Starting with the line that holds "अणदूर (प्रतिनिधी) –", repeat each line through the last one below, exactly. Pictures stay out.

[Extracted records]
—————
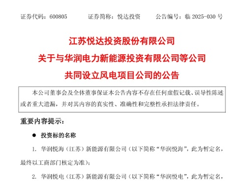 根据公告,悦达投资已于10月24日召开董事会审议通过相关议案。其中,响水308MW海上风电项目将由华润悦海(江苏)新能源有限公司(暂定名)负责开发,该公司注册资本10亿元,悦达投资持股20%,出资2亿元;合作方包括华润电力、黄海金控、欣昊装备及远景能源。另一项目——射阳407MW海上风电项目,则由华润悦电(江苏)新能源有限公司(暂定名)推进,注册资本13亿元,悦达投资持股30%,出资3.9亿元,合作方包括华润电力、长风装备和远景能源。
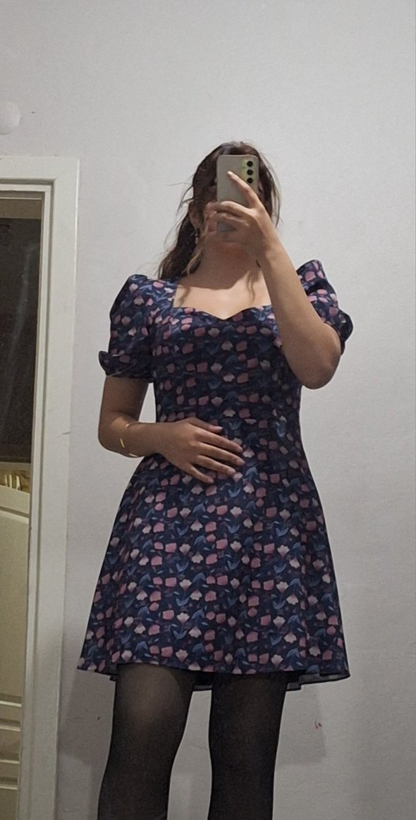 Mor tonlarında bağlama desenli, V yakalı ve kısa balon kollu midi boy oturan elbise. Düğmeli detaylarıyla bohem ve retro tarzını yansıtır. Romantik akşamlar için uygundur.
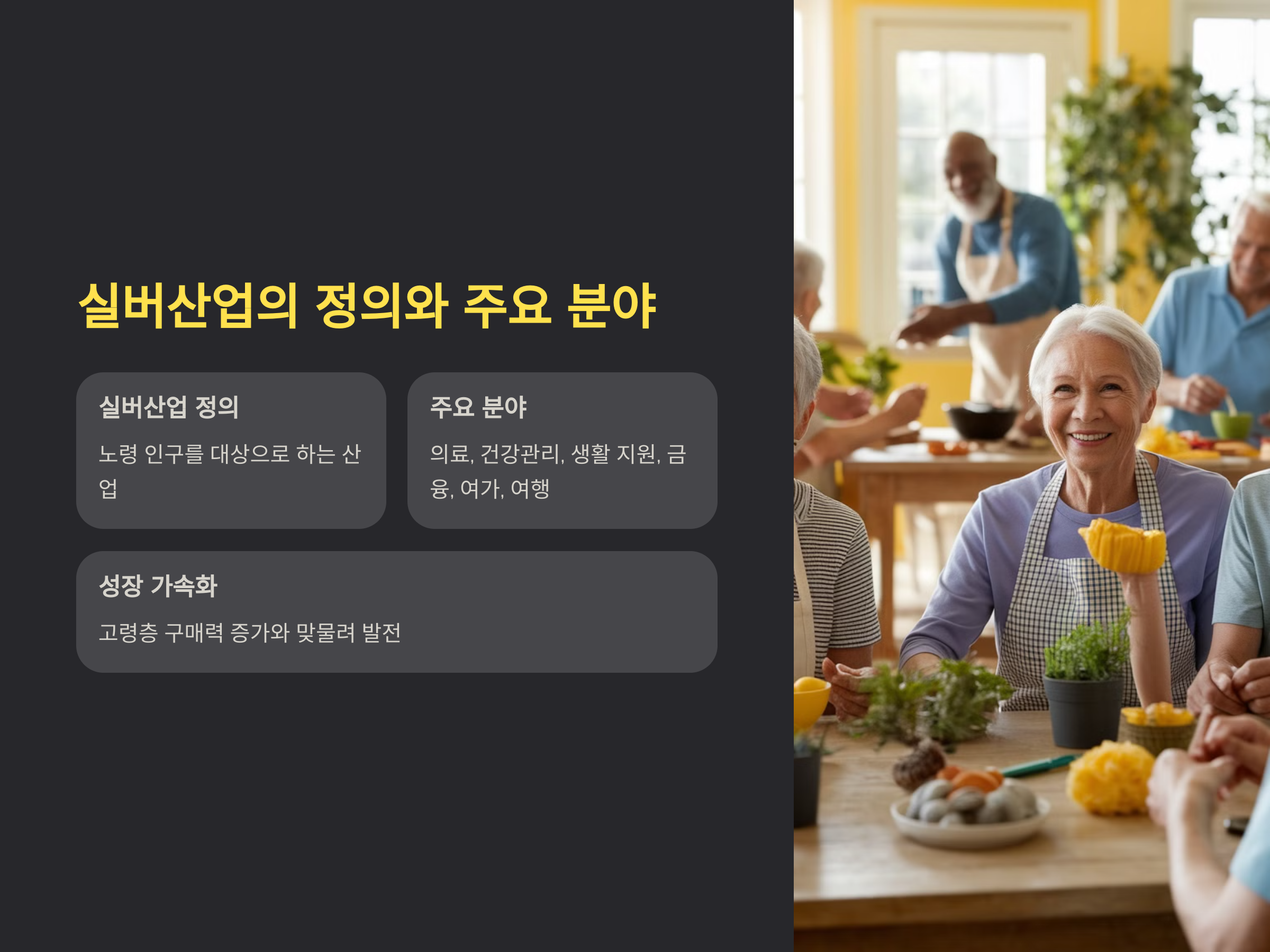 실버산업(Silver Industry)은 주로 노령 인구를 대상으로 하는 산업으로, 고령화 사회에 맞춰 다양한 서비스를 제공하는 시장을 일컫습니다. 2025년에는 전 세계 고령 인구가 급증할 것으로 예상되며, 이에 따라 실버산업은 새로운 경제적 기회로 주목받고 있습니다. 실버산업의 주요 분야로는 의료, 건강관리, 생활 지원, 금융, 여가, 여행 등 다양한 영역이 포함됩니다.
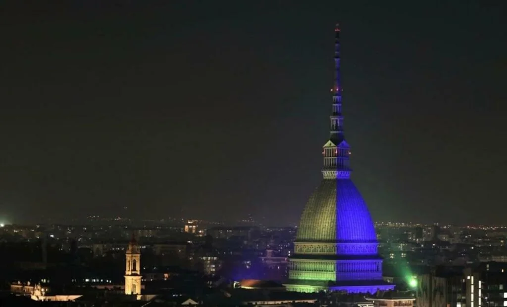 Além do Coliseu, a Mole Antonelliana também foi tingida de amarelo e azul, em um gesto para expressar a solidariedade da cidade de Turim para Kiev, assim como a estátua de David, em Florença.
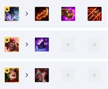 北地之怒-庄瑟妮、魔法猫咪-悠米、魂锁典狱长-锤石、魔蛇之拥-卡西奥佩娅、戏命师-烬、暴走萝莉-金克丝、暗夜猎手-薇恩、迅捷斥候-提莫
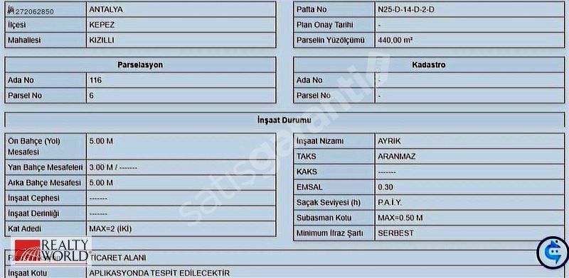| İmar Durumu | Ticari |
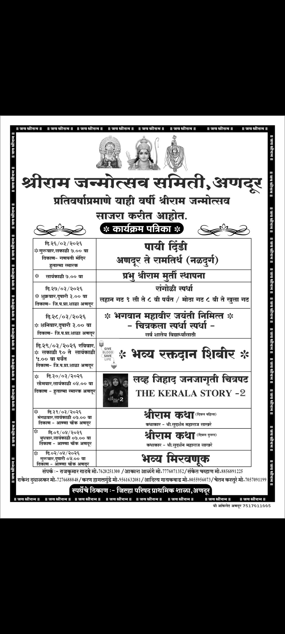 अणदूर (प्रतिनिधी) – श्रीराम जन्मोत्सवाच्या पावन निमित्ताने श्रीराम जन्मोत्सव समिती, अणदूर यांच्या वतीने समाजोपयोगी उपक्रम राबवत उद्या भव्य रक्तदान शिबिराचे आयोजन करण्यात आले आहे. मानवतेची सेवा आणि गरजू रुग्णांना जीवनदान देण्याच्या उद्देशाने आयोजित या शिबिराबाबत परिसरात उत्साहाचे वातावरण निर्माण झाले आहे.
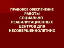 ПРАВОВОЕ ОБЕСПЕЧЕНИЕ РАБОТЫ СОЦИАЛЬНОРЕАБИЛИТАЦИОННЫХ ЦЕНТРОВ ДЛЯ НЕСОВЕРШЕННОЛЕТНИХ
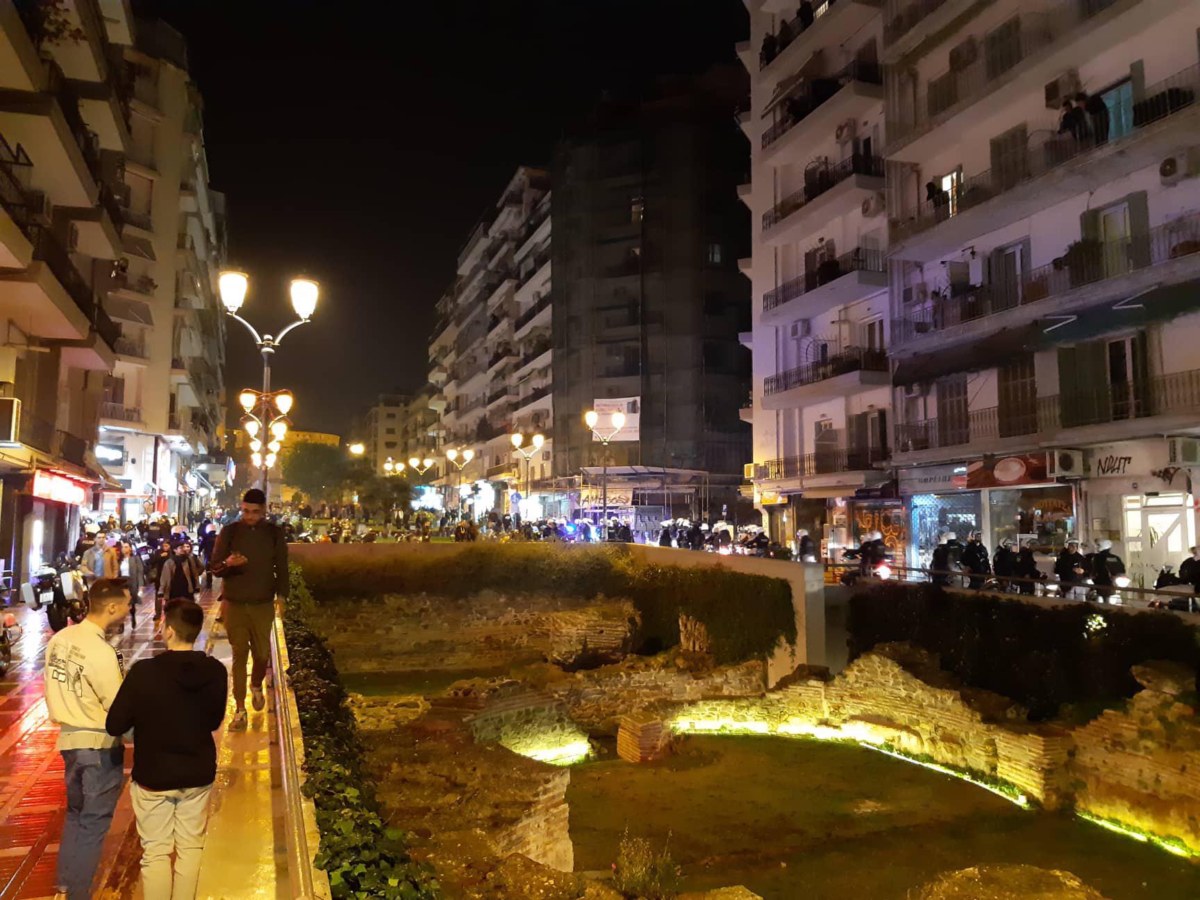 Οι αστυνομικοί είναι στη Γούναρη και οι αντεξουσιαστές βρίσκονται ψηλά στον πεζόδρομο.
—————
§ **Written solution**:
 अणदूर (प्रतिनिधी) – श्रीराम जन्मोत्सवाच्या पावन निमित्ताने श्रीराम जन्मोत्सव समिती, अणदूर यांच्या वतीने समाजोपयोगी उपक्रम राबवत उद्या भव्य रक्तदान शिबिराचे आयोजन करण्यात आले आहे. मानवतेची सेवा आणि गरजू रुग्णांना जीवनदान देण्याच्या उद्देशाने आयोजित या शिबिराबाबत परिसरात उत्साहाचे वातावरण निर्माण झाले आहे.
 ПРАВОВОЕ ОБЕСПЕЧЕНИЕ РАБОТЫ СОЦИАЛЬНОРЕАБИЛИТАЦИОННЫХ ЦЕНТРОВ ДЛЯ НЕСОВЕРШЕННОЛЕТНИХ
 Οι αστυνομικοί είναι στη Γούναρη και οι αντεξουσιαστές βρίσκονται ψηλά στον πεζόδρομο.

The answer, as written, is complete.